◆ What needs to be done:
I'd like the data beneath this line reproduced exactly, without any of its images.

□ □ □

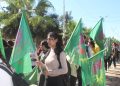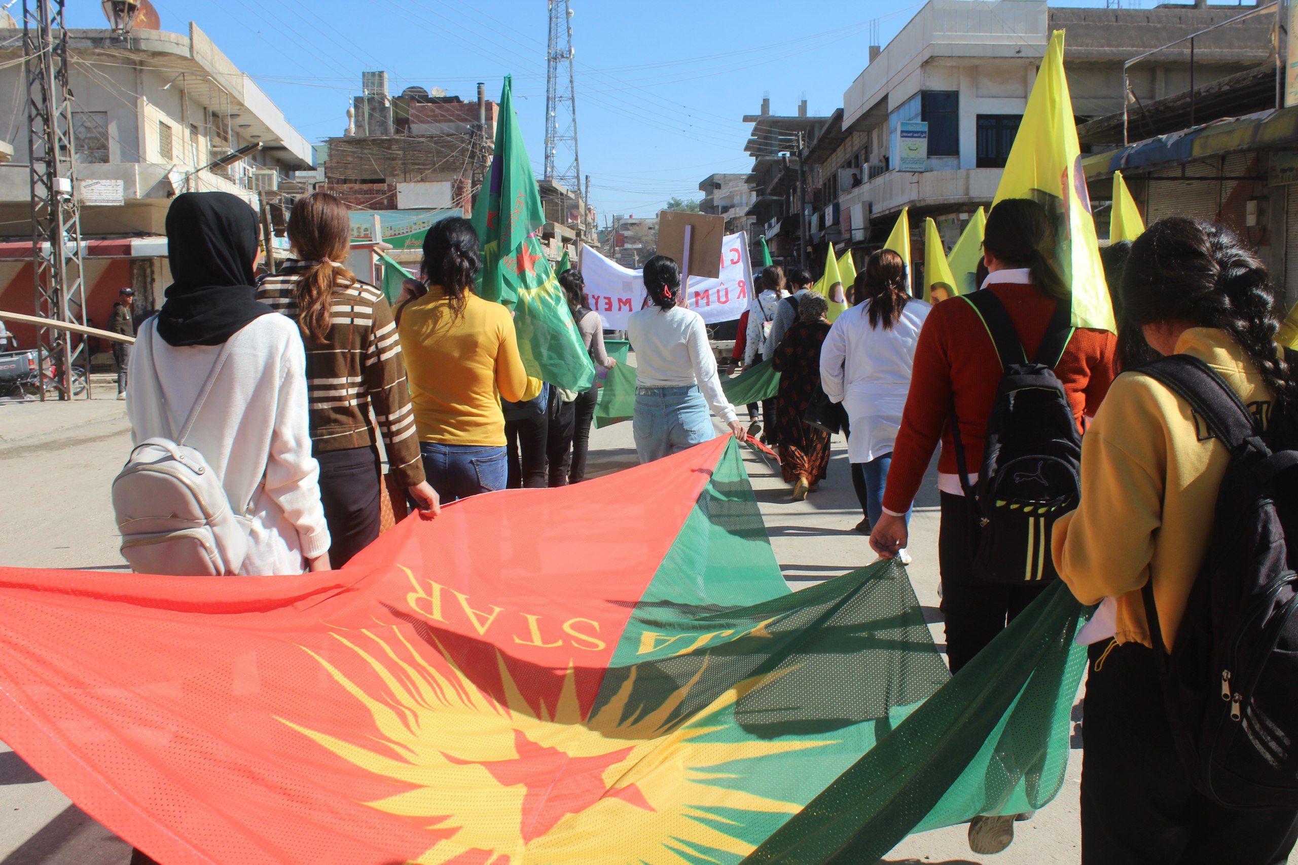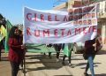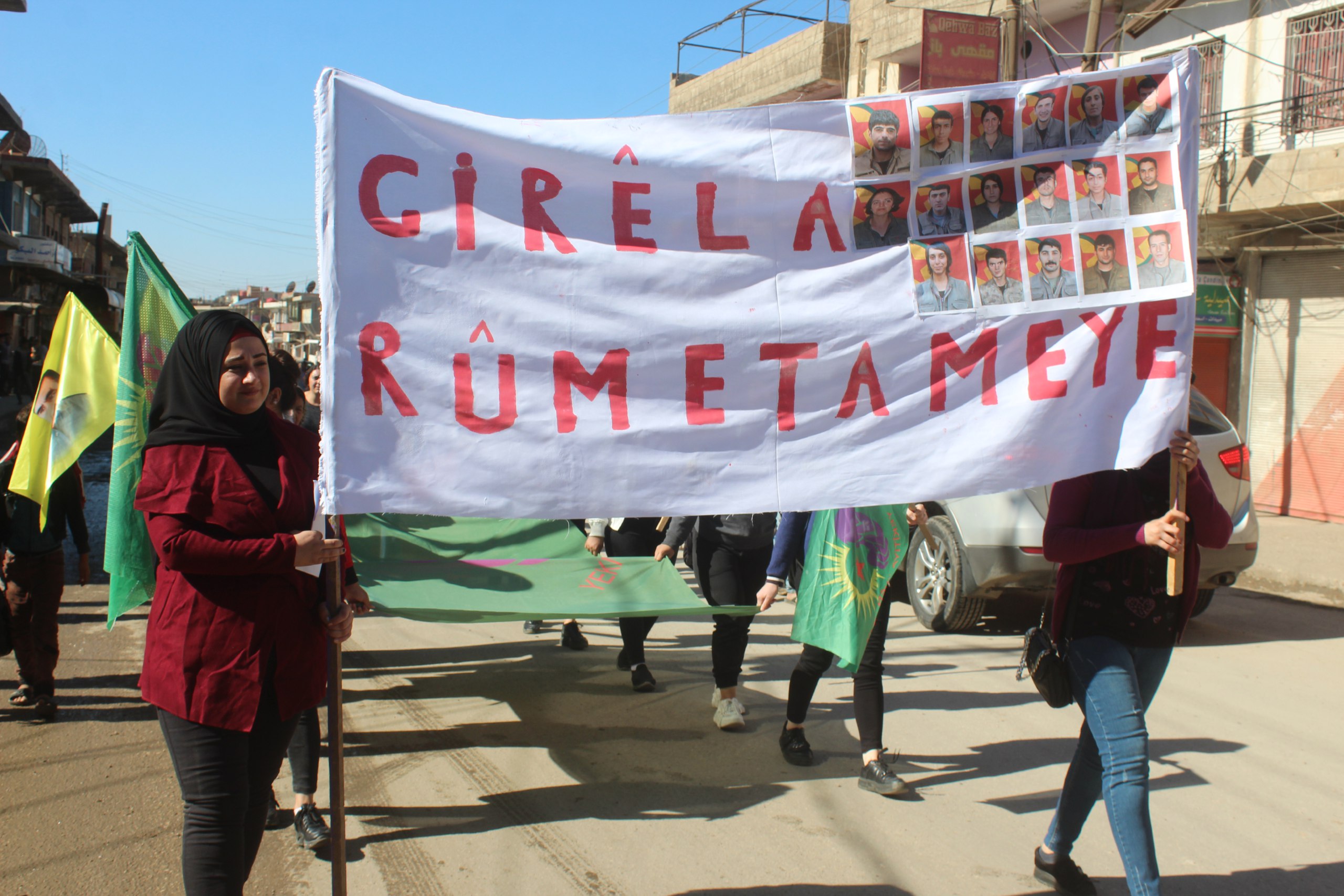 Di çalakiyê de jinên ciwan pankartên ku li ser wê “Gerîla Rûmeta Me Ye” hatiye nivîsandin bilind kiribûn. Heman demê de tevahî jinên ciwan û ciwanên ku beşdarî meşê bibûn bi berzkirina siloganan heya cihê kombûyînê çûn.
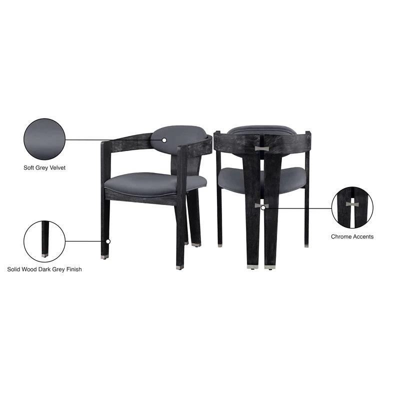 Elegant and eye-catching, the stunning Grey Velvet Vantage Dining Chair from Meridian Furniture is the perfect addition to any space.
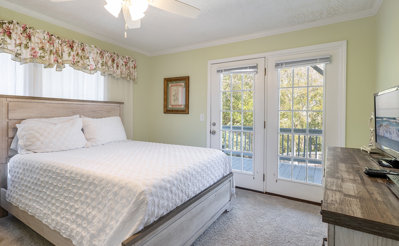 Slip into slumber in one of 4 bedrooms on this level including Bedroom #2 and Bedroom #3 each offering a Master Bedroom with King Bed with memory foam mattress and Private Full Bath; Bedroom #4 with a Queen Bed with memory foam mattress; and Bedroom #5 with a Twin over Double Bunk Bed and a Twin over Twin Bunk Bed. Bedrooms #4 and #5 have access to the Shared Full Bath this level. Deck Areas with Furniture on this level simply add to the appeal.
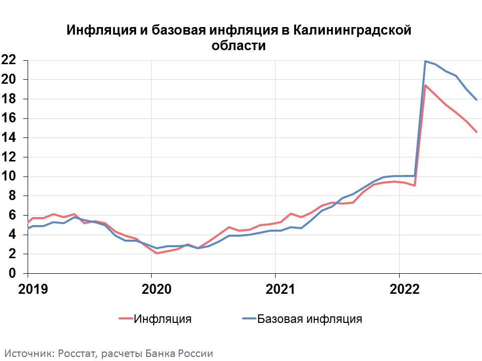 Годовая инфляция в Калининградской области в августе 2022 года замедлилась до 14,63% после 15,67% в июле. Годовой темп прироста цен в регионе оставался выше, чем по Северо-Западному федеральному округу (13,87%) и в целом по стране (14,30%). Динамика инфляции в регионе была в основном определена расширением предложения отдельных товаров и услуг и охлаждением потребительского спроса. Дополнительное влияние оказал региональный фактор – некоторое улучшение транспортной доступности области.
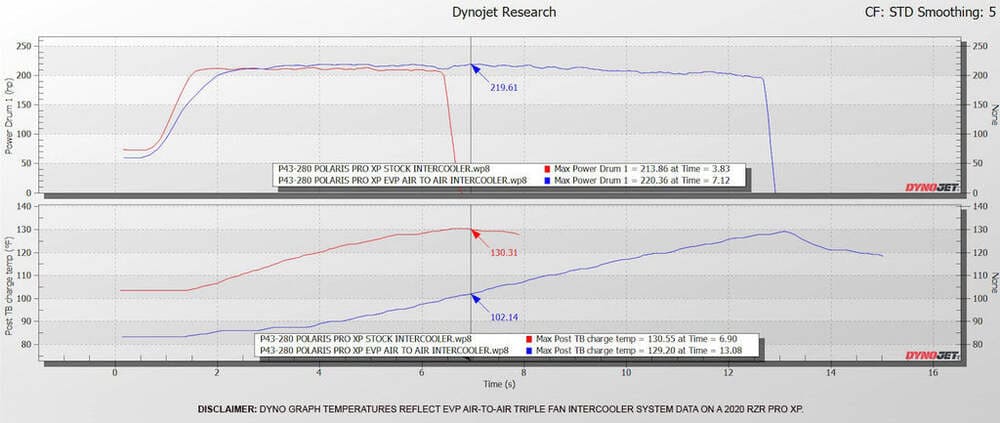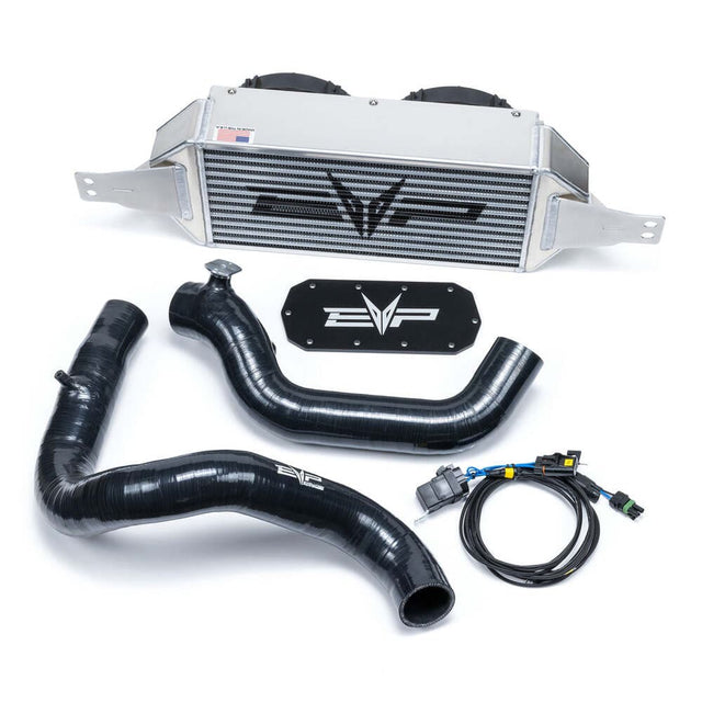 The EVP Air-to-Air Dual-Fan Intercooler for XPT/S models is made in the U.S.A. and built to withstand incredibly high temperature and pressure levels to effectively cool and regulate airflow to the engine. Through testing and development, this air-to-air setup consistently Reduced intake temperatures on Paragon-equipped RZR's compared to tuned RZR's with the OEM water-to-air unit, despite the big turbo systems providing 10 more pounds of boost and 60+ more HP. The EVP Air-to-Air Intercooler setup also helps enhance ignition settings in addition to improving airflow efficiency, allowing the engine to make more power with improved performance without breaking down vital components. This is an absolute game-changer for anyone looking to make safe, reliable big power numbers with their RZR.

□ □ □

◆ Answer below:
 Di çalakiyê de jinên ciwan pankartên ku li ser wê “Gerîla Rûmeta Me Ye” hatiye nivîsandin bilind kiribûn. Heman demê de tevahî jinên ciwan û ciwanên ku beşdarî meşê bibûn bi berzkirina siloganan heya cihê kombûyînê çûn.
 Elegant and eye-catching, the stunning Grey Velvet Vantage Dining Chair from Meridian Furniture is the perfect addition to any space.
 Slip into slumber in one of 4 bedrooms on this level including Bedroom #2 and Bedroom #3 each offering a Master Bedroom with King Bed with memory foam mattress and Private Full Bath; Bedroom #4 with a Queen Bed with memory foam mattress; and Bedroom #5 with a Twin over Double Bunk Bed and a Twin over Twin Bunk Bed. Bedrooms #4 and #5 have access to the Shared Full Bath this level. Deck Areas with Furniture on this level simply add to the appeal.
 Годовая инфляция в Калининградской области в августе 2022 года замедлилась до 14,63% после 15,67% в июле. Годовой темп прироста цен в регионе оставался выше, чем по Северо-Западному федеральному округу (13,87%) и в целом по стране (14,30%). Динамика инфляции в регионе была в основном определена расширением предложения отдельных товаров и услуг и охлаждением потребительского спроса. Дополнительное влияние оказал региональный фактор – некоторое улучшение транспортной доступности области.
 The EVP Air-to-Air Dual-Fan Intercooler for XPT/S models is made in the U.S.A. and built to withstand incredibly high temperature and pressure levels to effectively cool and regulate airflow to the engine. Through testing and development, this air-to-air setup consistently Reduced intake temperatures on Paragon-equipped RZR's compared to tuned RZR's with the OEM water-to-air unit, despite the big turbo systems providing 10 more pounds of boost and 60+ more HP. The EVP Air-to-Air Intercooler setup also helps enhance ignition settings in addition to improving airflow efficiency, allowing the engine to make more power with improved performance without breaking down vital components. This is an absolute game-changer for anyone looking to make safe, reliable big power numbers with their RZR.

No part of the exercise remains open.